At a practical level, then, the FCA has made it clear that it is
focusing on the 'outputs' and not the 'inputs'. What are those
outputs? They include – let us lapse for a moment into
regulator-speak for this – the achievement of appropriate
customer outcomes and the highest ethical performance of all
customer-facing staff, with those staff being technically
competent to advise and provide the most suitable advice in any
given scenario and with regard to each individual client.
Watching for changes in the regulator's facial
expression
The FCA has often indicated that 'appropriate customer outcomes'
depend heavily on firms having internal cultures that view the
interests of their customers as paramount. Cultural leadership
has to come from the top. The senior management of every firm
must enshrine the right culture in clearly described business
practices that ordinary people can understand easily and, once
established, the culture must inspire every layer of management
whenever someone has to make a judgement about what is acceptable
and what is not.
The problem with all of this is that it is relatively arbitrary.
Without clear rules or benchmarks, how can firms ensure that they
are satisfying the expectations of the regulator? Increasingly it
seems, the FCA is lashing out against both firms and individuals
according ot its own subjective judgements and agenda rather than
by black and white regulatory rules or guidelines.
For example in recent enforcements against ‘market abuse’ the FCA
has relied upon s118(5) Financial Services Act, dealing
with trading activity that gives a false impression of the
supply, demand and price of investments. The FCA does not,
however, impose comparative quantum caps concerning how much of a
bond or stock can be held. This leaves the whole process of
pricing bonds (particularly in relatively narrowly traded
markets) open to claims of market abuse at the whim of the FCA.
With careers and reputations at stake, who would be a
market-maker in these circumstances?
Determining acceptable levels of conduct
The greatest challenge facing compliance and risk people is to
try to determine the acceptable levels of conduct in the multiple
market, investment and client sectors that the FCA regulates.
There have been many recent references in FCA speeches or press
releases about the need for senior management or compliance
people to be aware of everything that happens on their watch.
Much rhetoric and recent legislation has been directed at holding
these senior individuals accountable for any of their staff’s
misconduct and shifting the burden of evidence to being one of
‘unless you can prove you did something to stop it, you are as
guilty as the perpetrators themselves’. Realistically speaking,
in large organisations with huge trading floors and wealth
management desks, this is simply impossible.
The recent response of the industry has been to recruit more and
more compliance staff, and this has driven up both demand and
salaries.
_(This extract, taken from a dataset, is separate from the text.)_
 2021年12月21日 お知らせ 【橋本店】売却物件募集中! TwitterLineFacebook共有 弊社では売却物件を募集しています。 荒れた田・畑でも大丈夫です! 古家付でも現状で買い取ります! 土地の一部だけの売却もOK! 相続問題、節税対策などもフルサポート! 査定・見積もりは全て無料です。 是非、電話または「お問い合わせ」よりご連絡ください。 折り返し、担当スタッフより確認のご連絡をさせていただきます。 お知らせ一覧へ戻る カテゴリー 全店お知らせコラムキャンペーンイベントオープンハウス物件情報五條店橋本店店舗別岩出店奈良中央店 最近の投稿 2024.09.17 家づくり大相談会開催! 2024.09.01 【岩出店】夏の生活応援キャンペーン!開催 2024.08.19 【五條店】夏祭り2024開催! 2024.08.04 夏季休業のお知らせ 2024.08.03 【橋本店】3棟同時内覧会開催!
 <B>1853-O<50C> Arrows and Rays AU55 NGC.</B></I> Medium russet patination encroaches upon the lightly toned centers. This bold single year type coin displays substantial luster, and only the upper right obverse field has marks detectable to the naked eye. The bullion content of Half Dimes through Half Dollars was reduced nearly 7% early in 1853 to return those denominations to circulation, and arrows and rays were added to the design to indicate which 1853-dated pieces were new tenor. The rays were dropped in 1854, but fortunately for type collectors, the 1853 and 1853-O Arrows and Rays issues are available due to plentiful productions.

There continues, however, to be little evidence that
the issue of 'conduct risk' is being addressed at its root. Not
enough boards are putting conduct risk at the top of their
agenda, with the resultant absence of conduct and compliance
strategies being imposed from the top down.
How to solve an undefined problem?
Regulators around the world are giving the management and
mitigation of conduct risk a high priority, yet no universally
agreed definition of conduct risk exists. In response therefore,
compliance officers, risk managers, senior management – and,
crucially in my view, human resources departments as well – need
to establish what ‘good’ looks like for their organisation. They
then need to put in place the systems, controls and
infrastructure to effectively manage and attain that standard.
What firms can do is implement the highest levels of scrutiny.
They must 'benchmark' client and market behaviour along with
conduct. They must then provide the means to monitor, assess and
enforce such behaviour through appropriate policy, process and
technological infrastructure.
A focus on conduct, quality and suitability of advice, and the
maintenance of market integrity must influence behaviour. Yet in
my experience, eight out of ten firms are focusing on compliance
inputs (what they have done) instead of outputs (what the effect
of those actions really is). If this situation persists, sooner
or later the wings are bound to fall off.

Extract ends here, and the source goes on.